Small Hong Kong flat with a 600 sq ft terrace shows how to merge indoor and outdoor spaces
Clever details such as glass doors and internal windows have helped turn a poky flat into a light-filled apartment in which the spacious wraparound terrace becomes a natural extension of the interior
When Peggy Bels first visited this 450 sq ft apartment on Shelley Street, Central, she was underwhelmed. The flat, which she had been tasked with renovating, had been shoddily carved into two bedrooms, a living room and a poky kitchen, none of which capitalised on the striking city views and abundance of natural light.
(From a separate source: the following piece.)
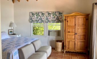 This charming, east-facing cottage is perfect for couples seeking peace, privacy, and the calming sound of ocean waves. Inside, you’ll find a cozy space featuring a king-size bed, smart TV, air conditioning, and a well-stocked kitchenette. Stay connected with Wi-Fi and enjoy peace of mind with a whole-house solar system, battery backup, and a portable generator to ensure uninterrupted power throughout your stay.

But one feature caught the French interior designer’s eye: the 600 sq ft wraparound terrace.
“The terrace is very important,” Bels says. “I wanted to make the terrace part of the flat, to treat it like an [extension of the] indoor area. I knew it could be special.”
So Bels set to work. She contacted the Buildings Department and found the flat had no internal structural walls, meaning she could reconfigure the space however she wanted. The owner, an expat for whom Bels had designed another apartment six years earlier, gave her “carte blanche”.
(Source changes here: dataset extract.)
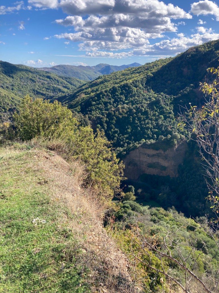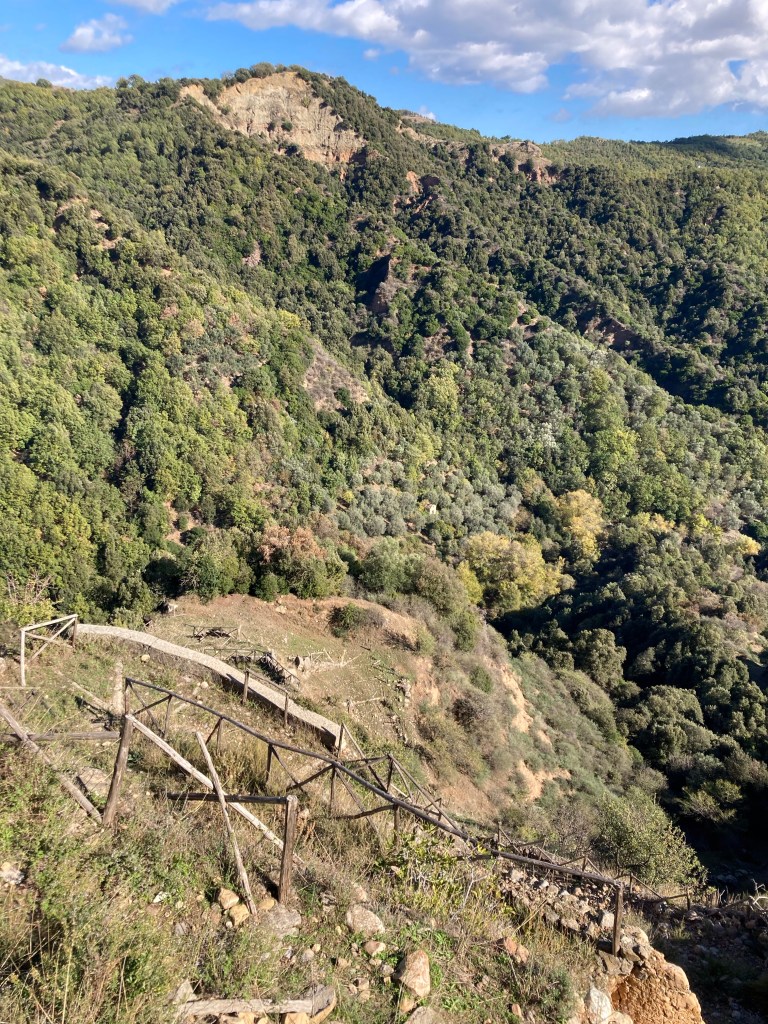Ab Campara an der Ostseite der Sila versuchen wir einer Talwanderung aus dem Rother zu folgen. Ab der halbverlassenen Altstadt wandern wir sonnig(en Mutes) los und werden aufgehalten vom abgerutschten Treppenweg ins Tal. Die Erosion, die hier die Landschaft formt, verschafft uns also eine vorgezogene Mittagspause. Sonne, Aussicht, local food: so darf das auch sein.

“I removed every wall,” Bels says. “We then started from scratch. Plumbing, electricity, walls, floor, windows – everything’s new. It was a full renovation.”
Merging the indoor and outdoor spaces meant fitting floor-to-ceiling glass doors that slide away to open the living room to the elements.
“The inside and outside are now like one place, the sofas [on the terrace] become like an extension of the inside,” Bels says. “It also makes the living room look much bigger.”